Source records:
Segment Open
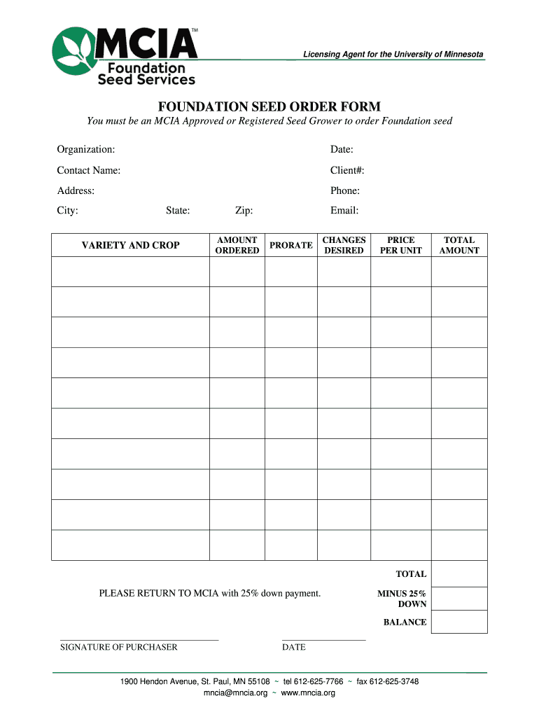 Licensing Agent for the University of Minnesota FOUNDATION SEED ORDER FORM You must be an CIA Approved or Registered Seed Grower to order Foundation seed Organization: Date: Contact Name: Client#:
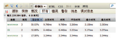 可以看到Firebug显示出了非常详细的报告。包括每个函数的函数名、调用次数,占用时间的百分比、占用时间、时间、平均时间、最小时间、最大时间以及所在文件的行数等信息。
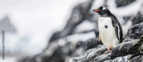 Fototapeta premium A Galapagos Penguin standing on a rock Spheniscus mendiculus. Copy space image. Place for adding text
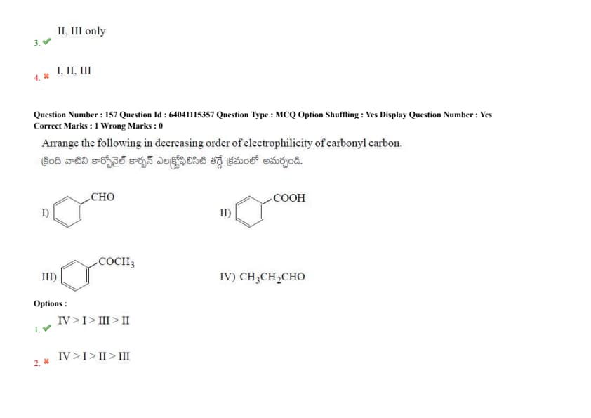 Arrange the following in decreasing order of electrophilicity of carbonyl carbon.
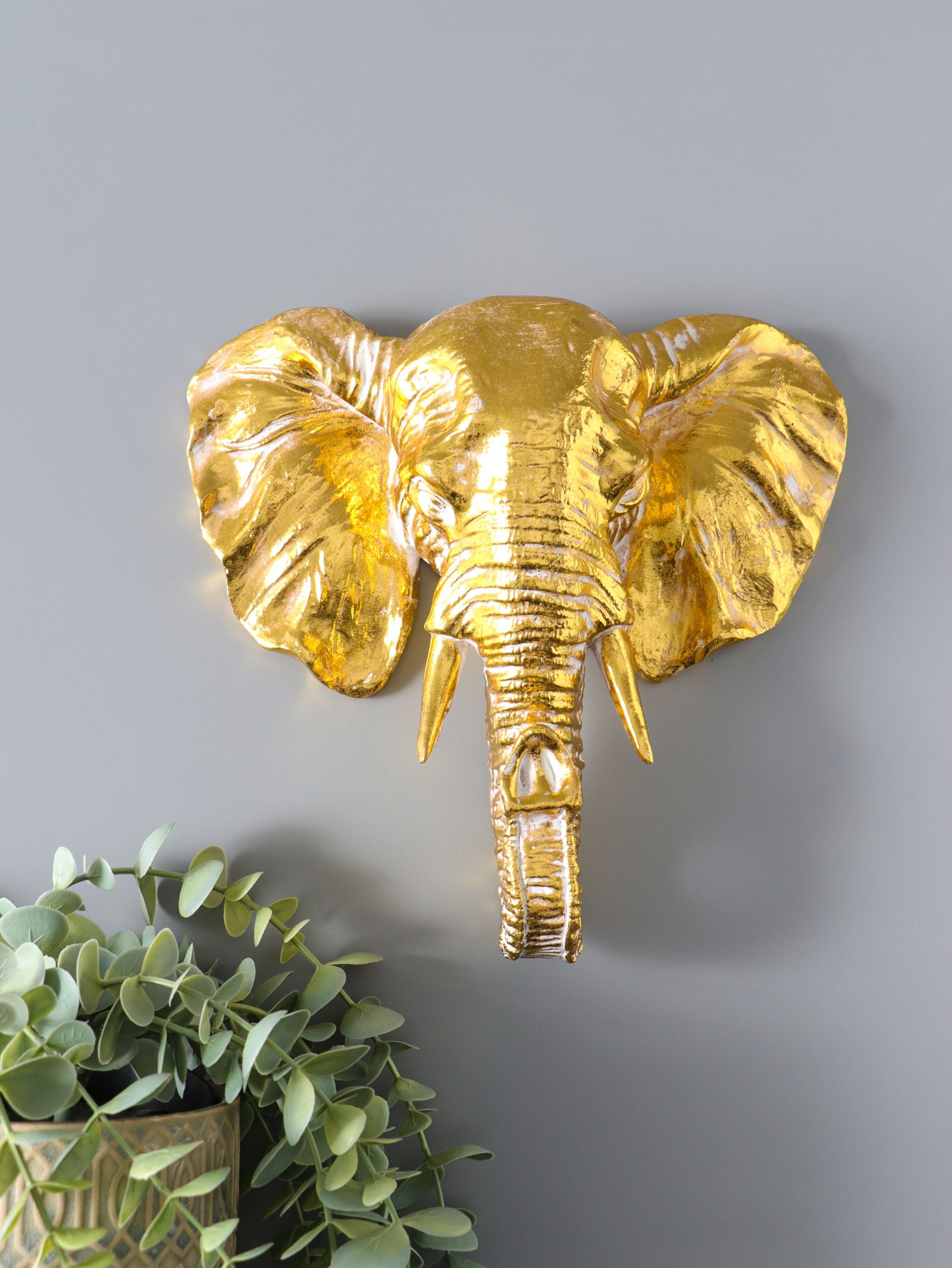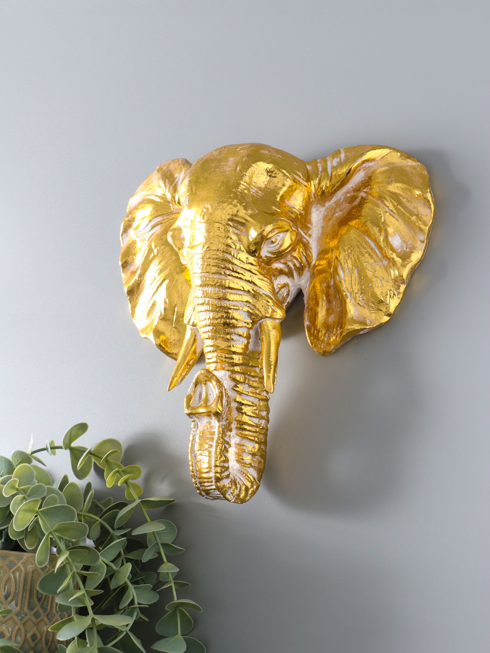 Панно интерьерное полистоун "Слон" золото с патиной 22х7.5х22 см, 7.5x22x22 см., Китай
Segment Closed
[What you are asked to do] Repeat nothing but the lines from the one containing "可以看到Firebug显示出" through the end of the entries, exactly, and skip the pictures.

[Output for this exercise]
 可以看到Firebug显示出了非常详细的报告。包括每个函数的函数名、调用次数,占用时间的百分比、占用时间、时间、平均时间、最小时间、最大时间以及所在文件的行数等信息。
 Fototapeta premium A Galapagos Penguin standing on a rock Spheniscus mendiculus. Copy space image. Place for adding text
 Arrange the following in decreasing order of electrophilicity of carbonyl carbon.
 Панно интерьерное полистоун "Слон" золото с патиной 22х7.5х22 см, 7.5x22x22 см., Китай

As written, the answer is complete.